KEGG pathway analysis^19,20,21 shows enrichment of only three pathways associated with upregulated genes, i.e., “N neutrophil extracellular trap formation”, “Systemic lupus erythematosus” and “Alcoholism” (Fig. 3A), whereas the number of pathways was associated with downregulated genes, including “Type I diabetes mellitus”, “Graft-versus-host disease”, “Autoimmune thyroid disease”, etc. (Fig. 3B). Complete details of KEGG pathways^19,20,21 are provided in Supplementary Tables S10 and S11. Next, we analyzed the enriched disease ontology associated with the DEGs (up and down) and observed that upregulated genes were associated with diseases such as “Kuhnt-Junius degeneration”, “female reproductive system disease”, “esophageal cancer”, etc. (Fig. 3C), whereas downregulated genes were associated with diseases such as “Ehlers-Danlos syndrome”, “collagen disease”, “osteoarthritis”, etc. (Fig. 3D). We also observed “gestational diabetes” as an enriched disease ontology with downregulated genes. See Supplementary Tables S12 and S13 for complete details.

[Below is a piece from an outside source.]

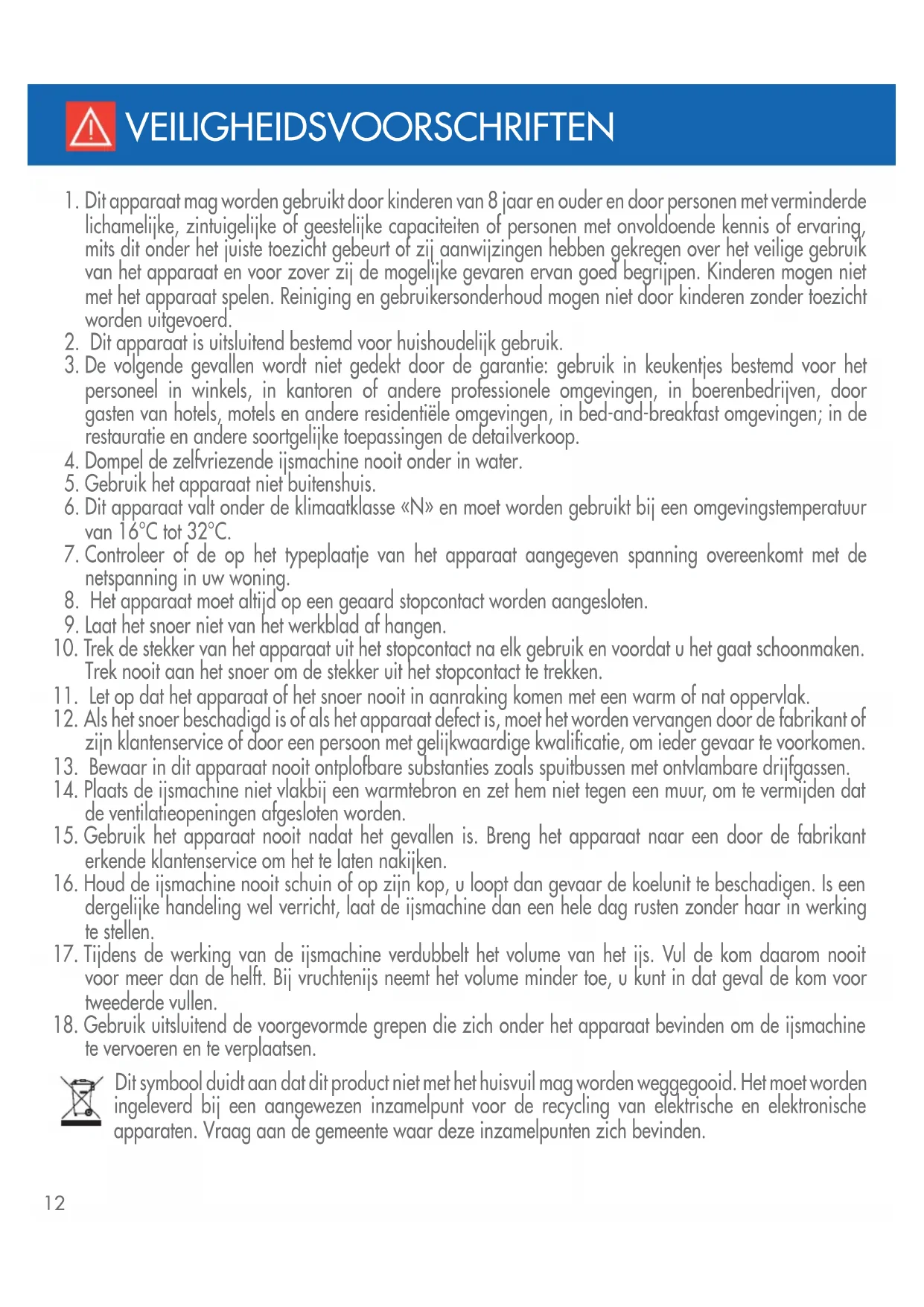 12. Als het snoer beschadigd is of als het apparaat defect is, moet het worden vervangen door de fabrikant of

DNA methylation analysis reveals potential therapeutic targets

We further integrated the DNA methylation pattern with the transcriptome to characterize genes that could be potential and novel therapeutic targets, as transcriptomic and epigenomic collectively provide a comprehensive picture of a gene’s molecular and cellular function. We looked at the gene methylation data from Lu et al.‘s datasets on GDM and normal placenta and obtained the list of genes that were hyper- and hypomethylated. We compared the hypo- and hypermethylated gene sets along with the up- and downregulated DEGs, characterized based on gene expression. In the case of upregulated DEGs, RASSF2 and WSCD1 were found to be hypomethylated; however, none of the genes show hypermethylation. We further investigated the functional role of the above two genes and found that RASSF2 encodes a protein that contains a Ras-associated domain. Its role has been previously seen in diseases such as colorectal cancer, but its role in GDM is yet to be explored. Likewise, WSCD1 (WSC domain containing 1) is typically associated with cell wall integrity signaling and cellular responses to environmental stress. Its role has been shown previously in GDM patients by Pinney et al.³¹. Furthermore, high expression of WSCD1 could possibly be associated as a response to the stress caused due to the use of endocrine disruptors, which is one of the major factors associated with ~ 50% of the GDM and other pregnancy-related issues in the women^32,33. When we looked at the list of downregulated DEGs along with sets of genes that were hypo- or hypermethylated, we found that 4 genes (TNFAIP3, TPST1, UBASH3B, and ZFP36) were hypermethylated and 5 genes (CRISPLD2, IGFBP7, TNS3, TPM2, and VTRNA1-2) were hypomethylated.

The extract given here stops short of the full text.